Quantitative trading/research - fixed income vs commodities

Hi,

I am looking for some advice/opinion to guide me on a decision with regards to my next role. I am going to move jobs and I currently have two offers, both in global macro quantitative research. One offer is within commodities (term structure modelling) and the other is within fixed income (yield curve modelling). I'd be very interested to hear your advice for what direction you would go in. I have experience in both fields - I've spent 5 years in major CTAs and I've spent the last 3 years in fixed income quant research at a bank.

The guy heading the commodities team at the new role seamed very knowledgeable in commodities so I'll have a mentor to guide me. The guy heading the fixed income is a bit of a generalist and doesn't have deep fixed income knowledge but the firm has a lot of fixed income expertise and it seems I'll find support from someone if I need it.

Personally, I am currently leaning towards the Fixed Income yield curve modelling role. The biggest reason probably is the current environment - the yield curve has become the hottest topic in finance and the next few years might be interesting. The same can be said for commodities though but I am put off by the field because when I worked in CTAs, research was quite boring. Unfortunately, I don't have experience in Fixed Income trading which might be equally or even more boring than commodities? I've also not come across many quant funds that do quantitative fixed income.

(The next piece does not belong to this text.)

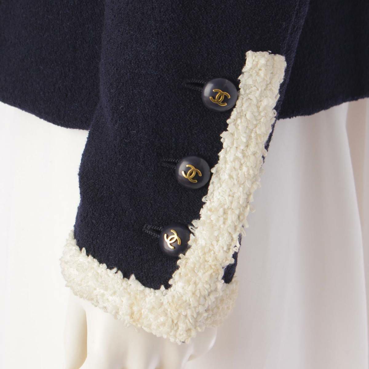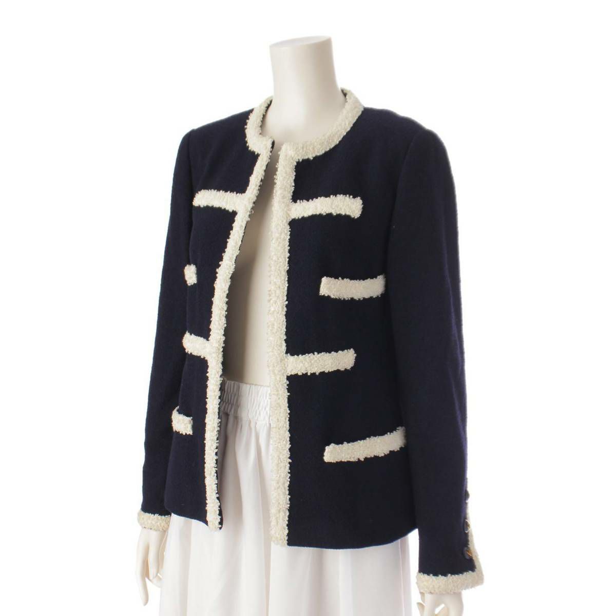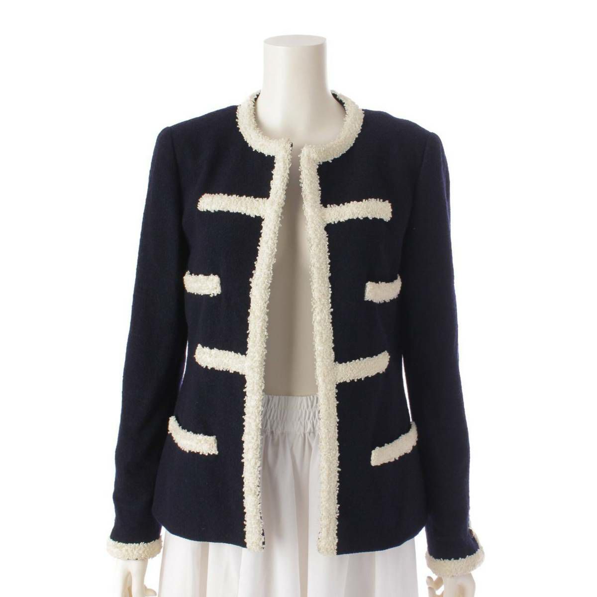 他の画像を見る シャネル Chanel 95C トリミング ツイード ココボタン ノーカラー ジャケット ネイビー 38 在庫切れ お気に入りに登録する 当店通常価格 ¥ 770,000 のところ 当店特別価格 ¥ 708,400 税込 700,000円 644,000円

One worry, however, that I have is that the fixed income markets are far more distributed/fragmented, far less standardized, far higher proportion is voice rather than electronic trading. This might become a nightmare for doing quantitative research and might be a killer for trading. Whereas with commodities, I know my way around, I know the data, I know where to get it, how to process it etc, with fixed income, I am far less experienced. But then again, the fact that fixed income is hard to trade quantitatively can also be a positive - less competition, more alpha.

Any thoughts would be very welcome and appreciated.